Surviving Late-Onset Necrotizing Enterocolitis

by Laura B. Martin

We were thrust into the world of prematurity when our twin boys arrived at 24 weeks gestation after a mere seven hours of labor. Campbell could not survive his extreme complications from prematurity and passed away after 23 days of life. Joseph spent a tumultuous 228 days in the Neonatal ICU before coming home for the first time.

JosephNECWe were a few days into our NICU journey when we learned of Necrotizing Enterocolitis (NEC). We learned that NEC often strikes quickly and without warning in premature infants. NEC causes intestines to become gangrenous without any known cause. Some survive, but many do not. Some are treated surgically, and some are treated with antibiotics or a combination of the two. Some are left with no side effects, and some are left completely IV dependent with very little functional bowel. It is a horrific infection.

This is the story of Joseph’s battle with NEC, which occurred much later than usual, and its impact on his life.

So Close to Home

When we learned of NEC, we were told that once we reached Joseph’s due date, we could cross it off our list of things to worry about. We were told that rarely, if ever, does it occur after a baby reaches 40 weeks gestation.
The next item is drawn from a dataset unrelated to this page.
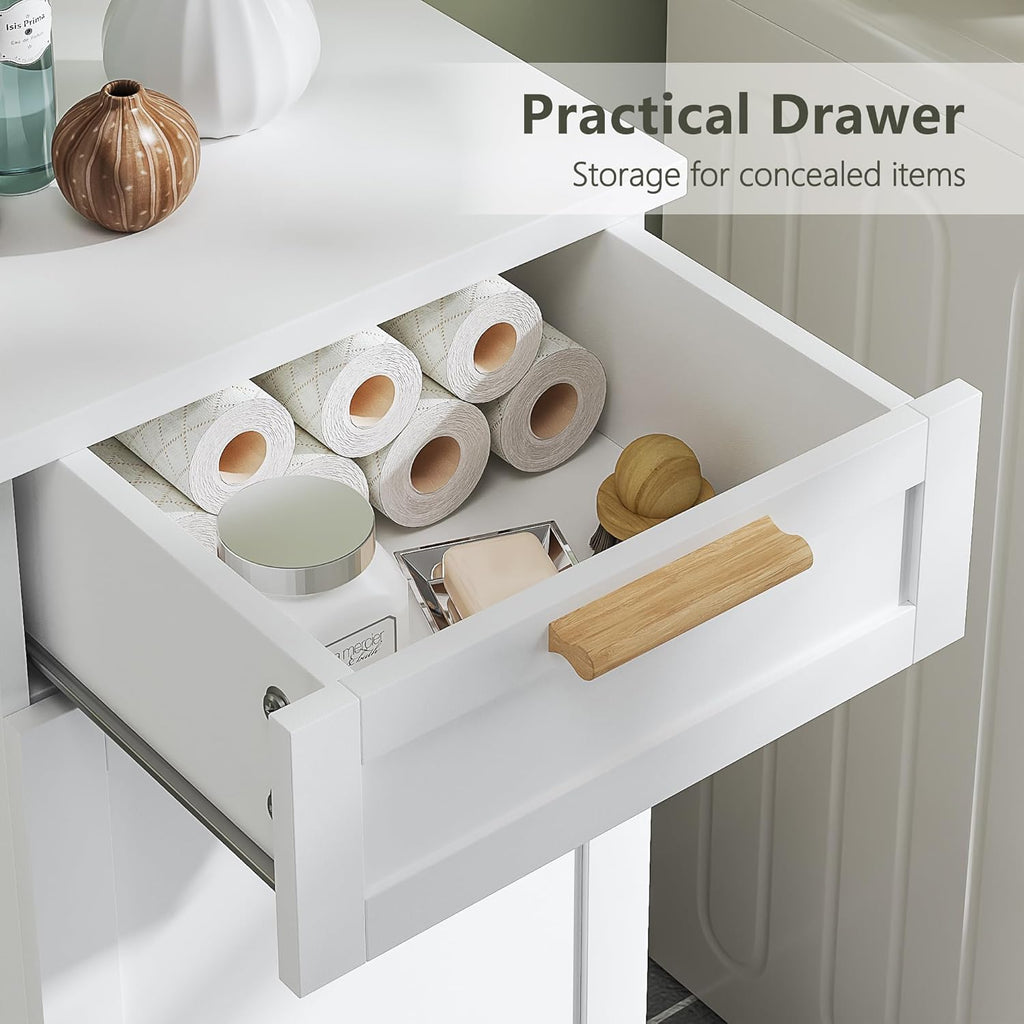• Ample Storage Capacity: Designed with a top drawer, a hidden laundry basket and four side-mounted metal hooks, this laundry cabinet offers versatile storage for clothes, towels, ideal for small or compact areas.

When we finally reached Joseph’s due date, my husband, Scott, and I breathed a collective sigh of relief that Joseph had been spared a run-in with NEC.

Five and a half months after Joseph’s birth and eight weeks past his due date, we were finally within days of discharge. We were so close to bringing Joseph home that we could taste it. The crib was set up, all of his clothes were washed, we had been trained on how to change his gastrostomy tube (G-tube), oxygen tanks had been delivered, paperwork had been completed to be out of work for “maternity” leave. We were bringing our survivor twin home!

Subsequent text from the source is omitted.